Despite progress, harvest in Sask. remains well behind average

Saskatchewan is still behind when it comes to getting crops in the bin but they've made progress between Oct. 8 and the 14th.

Latest crop report says 69% of the crop is now in the bin

Snow and cold weather has ground harvest to a halt in parts of Saskatchewan. (Riley Laychuk/CBC )

Harvest in Saskatchewan remains well behind schedule even though many regions made good progress last week, according to Saskatchewan Agriculture's latest crop report.

Sixty-nine per cent of the crop is now in the bin — up from 55 per cent last week, but still well below the five-year average of 88 per cent for this time of year.

The report covers the Oct. 8-14 time period.

Harvest is most advanced in the northeast with 85 per cent of the crop now combined. Harvest is slowest in the east-central region of the province at 51 per cent, the ministry said.

The west-central region has 77 per cent of the crop combined, while harvest progress is at 76 per cent in the southwest, 65 per cent in the northwest and 62 per cent in the southeast.

While many areas of the province received mixed precipitation last week, including the Moosomin area reporting 40 mm of mixed precipitation, the ministry said other regions received very little moisture allowing producers to spend more time in the field.

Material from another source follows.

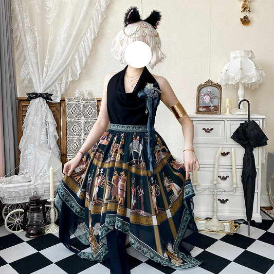Afternoon Forest レトロエレガント ホルターネックジャンパースカート ヘアアクセ付き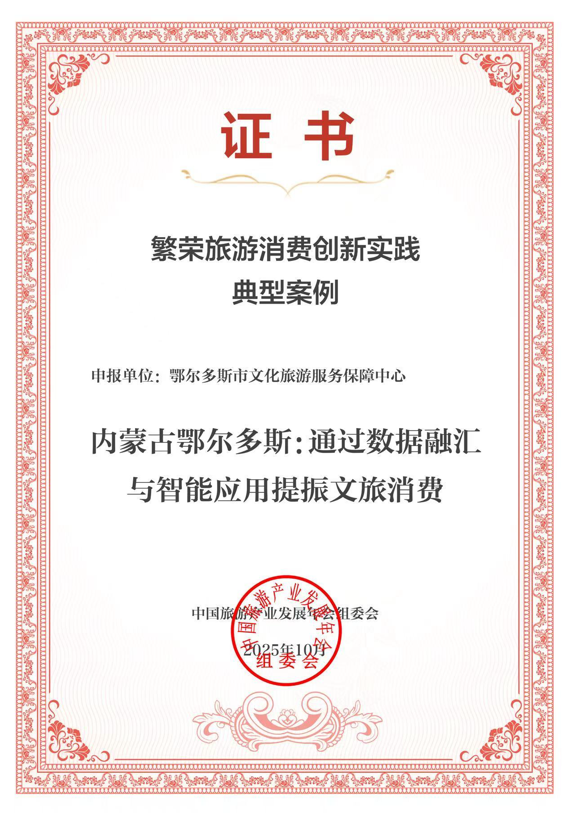 鄂爾多斯市“通過數(shù)據(jù)融匯與智能應用提振文旅消費”案例入選2025繁榮旅游消費創(chuàng)新實踐典型案例。

It said the warm and dry weather forecast for next week should allow more producers to resume combining.

The ministry reported some fields remain saturated with excess water, particularly in southern regions.

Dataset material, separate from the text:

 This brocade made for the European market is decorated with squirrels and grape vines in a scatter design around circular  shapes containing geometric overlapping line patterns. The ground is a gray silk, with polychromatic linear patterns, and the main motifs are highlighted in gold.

Lodging, strong winds, localized flooding and frost caused most of the crop damage in the last week, while geese and wildlife continue to cause damage by feeding on swathed crops, it said.

The ministry said it continues to receive reports of "significant downgrading at the elevator" due to crops sprouting.

Most of the crop coming off is tough or damp and is being placed into aeration bins and grain dryers, it said.

Meanwhile, most livestock producers indicated to the ministry they have adequate supplies of hay, straw, greenfeed and feed grain heading into winter.